Any gui web page request just takes forever, sending the load and wait into the stratosphere, as soon the the request and display completes the load and wait drop back to zero, log viewer, dashboard is the real killer, sure seems like something is up with apache and php.

httpd-admin error log;

[Wed Apr 26 09:57:01.709054 2017] [suexec:notice] [pid 943] AH01232: suEXEC mechanism enabled (wrapper: /usr/sbin/suexec)

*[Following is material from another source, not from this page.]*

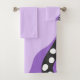 Bring an artsy touch to your bathroom with this shades of purple modern abstract art bath towel set colored with light and dark purple, black lines and white dots.

[Wed Apr 26 09:57:02.102114 2017] [ssl:error] [pid 943] AH02217: ssl_stapling_init_cert: Can't retrieve issuer certificate!

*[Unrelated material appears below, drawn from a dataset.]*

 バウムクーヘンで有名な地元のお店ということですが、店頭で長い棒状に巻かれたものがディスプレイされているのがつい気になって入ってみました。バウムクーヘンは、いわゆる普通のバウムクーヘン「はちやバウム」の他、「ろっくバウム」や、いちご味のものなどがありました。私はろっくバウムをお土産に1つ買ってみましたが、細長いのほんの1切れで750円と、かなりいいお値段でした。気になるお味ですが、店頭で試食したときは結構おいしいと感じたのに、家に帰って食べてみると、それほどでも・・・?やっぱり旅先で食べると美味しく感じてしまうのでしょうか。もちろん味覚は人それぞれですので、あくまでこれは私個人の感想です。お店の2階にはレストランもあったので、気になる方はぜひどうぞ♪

[Wed Apr 26 09:57:02.102159 2017] [ssl:error] [pid 943] AH02235: Unable to configure server certificate for stapling
[Wed Apr 26 09:57:02.102181 2017] [ssl:warn] [pid 943] AH01906: RSA server certificate is a CA certificate (BasicConstraints: CA == TRUE !?)
[Wed Apr 26 09:57:02.102203 2017] [ssl:warn] [pid 943] AH01909: RSA certificate configured for server7c.domain.com:443 does NOT include an ID which matches the server name
[Wed Apr 26 09:57:02.134476 2017] [auth_digest:notice] [pid 943] AH01757: generating secret for digest authentication ...
[Wed Apr 26 09:57:02.135099 2017] [lbmethod_heartbeat:notice] [pid 943] AH02282: No slotmem from mod_heartmonitor
[Wed Apr 26 09:57:02.135443 2017] [ssl:warn] [pid 943] AH01873: Init: Session Cache is not configured [hint: SSLSessionCache]
[Wed Apr 26 09:57:02.135702 2017] [ssl:error] [pid 943] AH02217: ssl_stapling_init_cert: Can't retrieve issuer certificate!
[Wed Apr 26 09:57:02.135720 2017] [ssl:error] [pid 943] AH02235: Unable to configure server certificate for stapling
[Wed Apr 26 09:57:02.135730 2017] [ssl:warn] [pid 943] AH01906: RSA server certificate is a CA certificate (BasicConstraints: CA == TRUE !?)
[Wed Apr 26 09:57:02.135742 2017] [ssl:warn] [pid 943] AH01909: RSA certificate configured for server7c.domain.com:443 does NOT include an ID which matches the server name
[Wed Apr 26 09:57:15.369415 2017] [mpm_prefork:notice] [pid 943] AH00163: Apache/2.4.6 (CentOS) OpenSSL/1.0.1e-fips PHP/5.4.16 configured -- resuming normal operations
[Wed Apr 26 09:57:15.369466 2017] [core:notice] [pid 943] AH00094: Command line: '/usr/sbin/httpd -f /etc/httpd/admin-conf/httpd.conf -c MaxConnectionsPerChild 12 -D FOREGROUND'
[Wed Apr 26 09:58:37.787420 2017] [:error] [pid 1588] [client 192.168.124.126:51417] [ERROR] NethServer\\Tool\\GroupProvider: AccountProvider_Error_11, referer: https://server7c:980/en-US/Shutdown
[Wed Apr 26 09:58:37.832329 2017] [:error] [pid 1588] [client 192.168.124.126:51417] [ERROR] Resource temporarily unavailable\n, referer: https://server7c:980/en-US/Shutdown
[Wed Apr 26 10:02:17.568136 2017] [:error] [pid 1924] [client 192.168.124.126:51494] [WARNING] NethServer\\Tool\\GroupProvider: Account provider connection timed out, referer: https://server7c:980/en-US/Sssd
[Wed Apr 26 10:02:17.599921 2017] [:error] [pid 1924] [client 192.168.124.126:51494] [WARNING] Connection timed out\n, referer: https://server7c:980/en-US/Sssd

That’s a lot of swap use so I’ve given it another gig.